Steak tartare with jalapeño and crumbled cotija cheese on thick slices of toast topped with fried quail eggs.

One of the whole reasons I started this blog was to write about the single dish or two that makes it worth returning to certain restaurants. I have breached this rule a couple of times, and I am throwing it out the window completely for Juniper & Ivy.

Juniper & Ivy

Juniper & Ivy is everything I look for in a restaurant: delicious, fun, surprising, friendly, beautiful, and with a fantastic menu that enables one to try many different things in a sitting (all of them fantastic!!). It was opened in San Diego’s Little Italy by acclaimed chef Richard Blais, winner of Top Chef All-Stars. When I read about it in a local magazine featuring a picture of the carne toast, I booked a table for that night. I had to have that toast.

Carne Toast Close

The steak tartar was delectably flavored, reminiscent of Japanese spicy tuna but with a rich meaty flavour. The crumbled cotija gave it a mild cheesy flavour.
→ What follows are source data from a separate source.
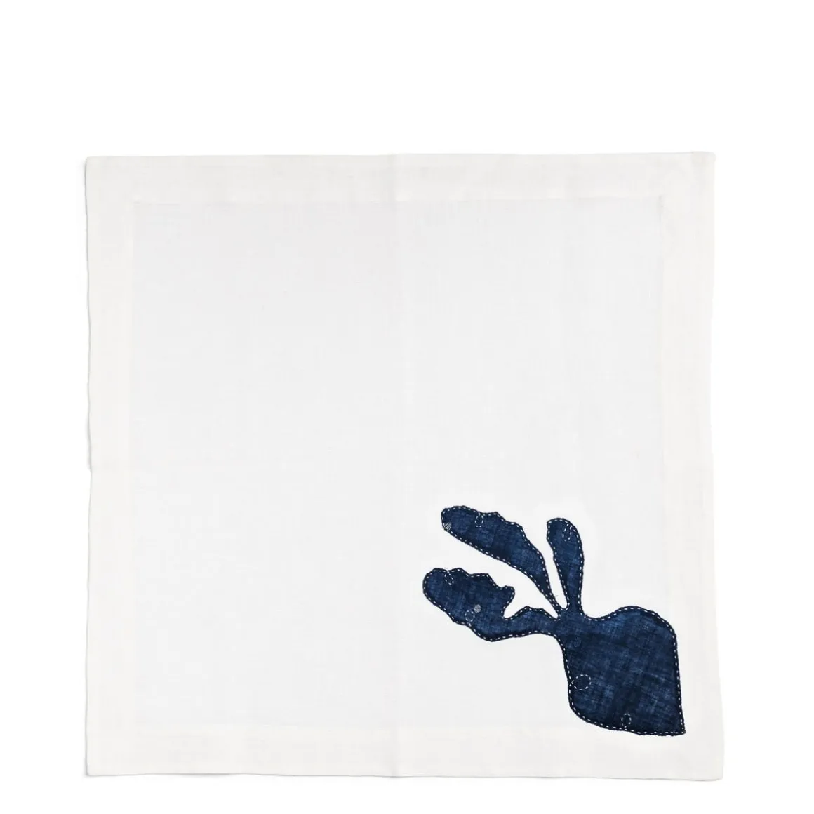 The eclectic vegetable motif is inspired by the bustling bazaars of India, dyed with natural indigo and sewn on using zero-waste appliqué.
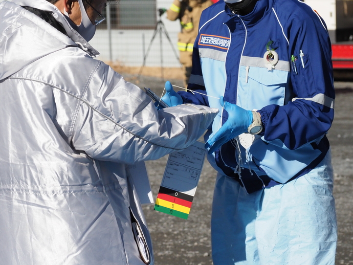 [画像]傷病者にトリアージタッグをつける写真(269.0KB)
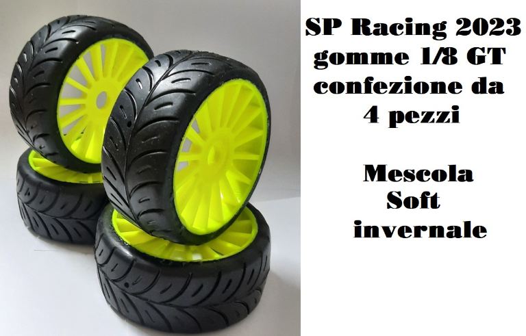 Treno di gomme (4 pezzi) per 1/8 GT SP Racing 2023.
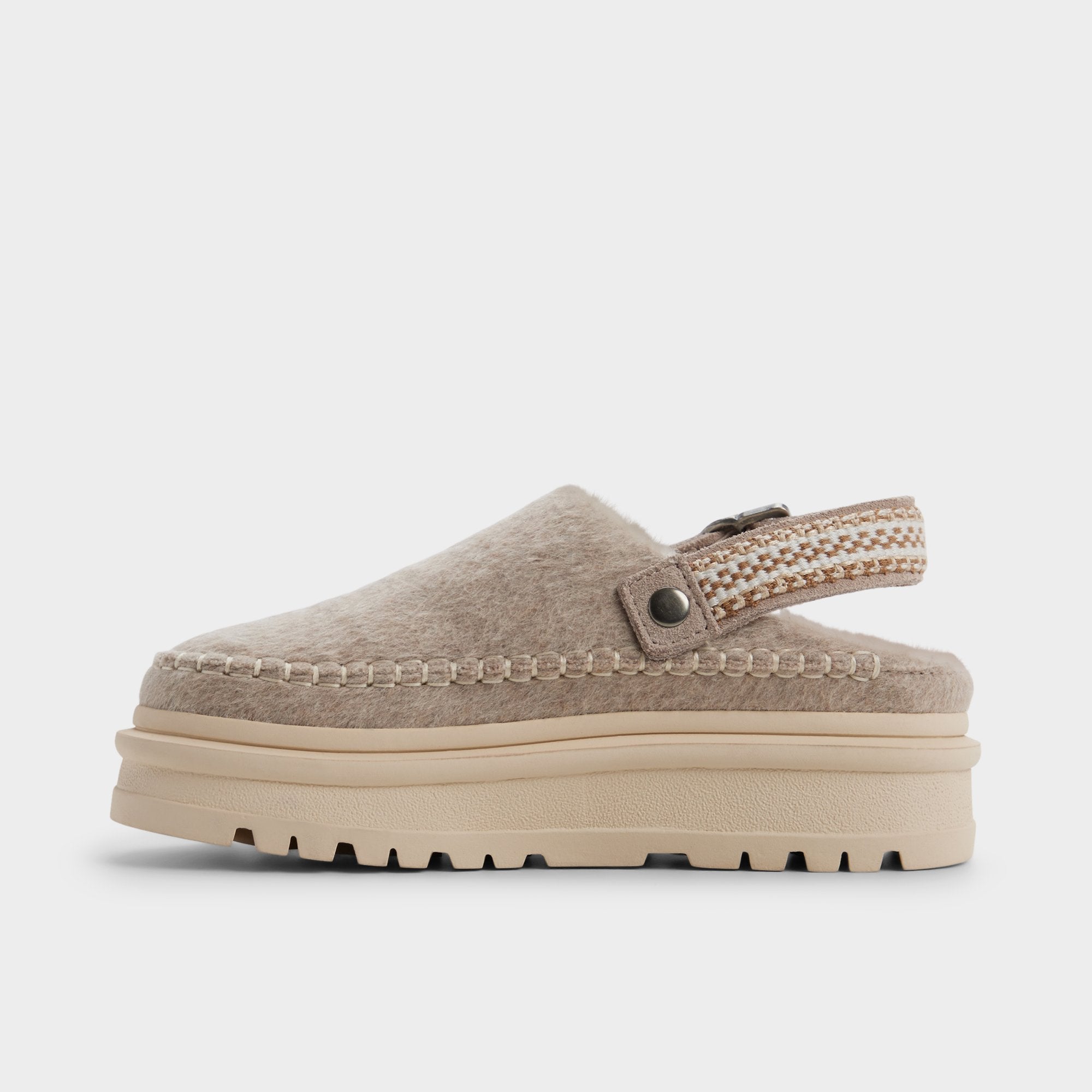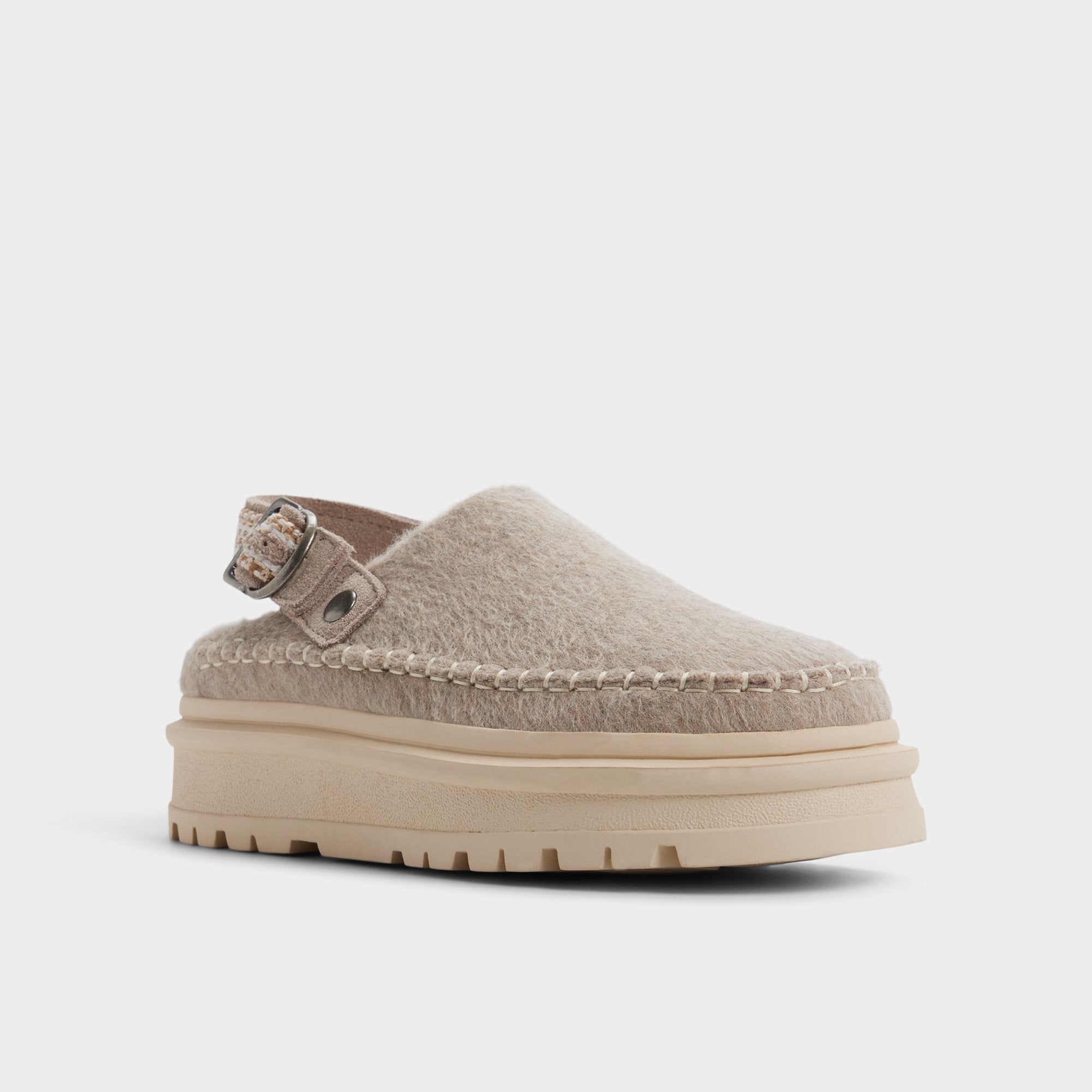 Plush shearling peeks from silky suede, while an adjustable buckle strap and a chunky lug platform elevate the classic clog into a cozy, confident silhouette built to conquer frosty tiles and early commutes. Pair with wide-leg knits for market wanderings, or cuffed denim for city-strolls that drift from day to night.

The toast was chewy, delicious, and quite generous in size – this alone would more than fill me up for lunch. The fried quail eggs with slivers of jalapeño were a genius touch, with one fitting prettily on each of four slices.

Piece of Carne Toast

The carne toast was as good as it looked, and literally every other dish we had was fresh, in season, beautifully presented, well-balanced, and fantastic-tasting (I will be posting more on this). Juniper & Ivy has made my personal top 5 best restaurants ever anywhere list, along with Guido’s Bar in Buenos Aires, Mas Tacos Por Favor in Nashville, Mizuna in Spokane, and Vij’s in Vancouver.

Which restaurants would make your top 5 list?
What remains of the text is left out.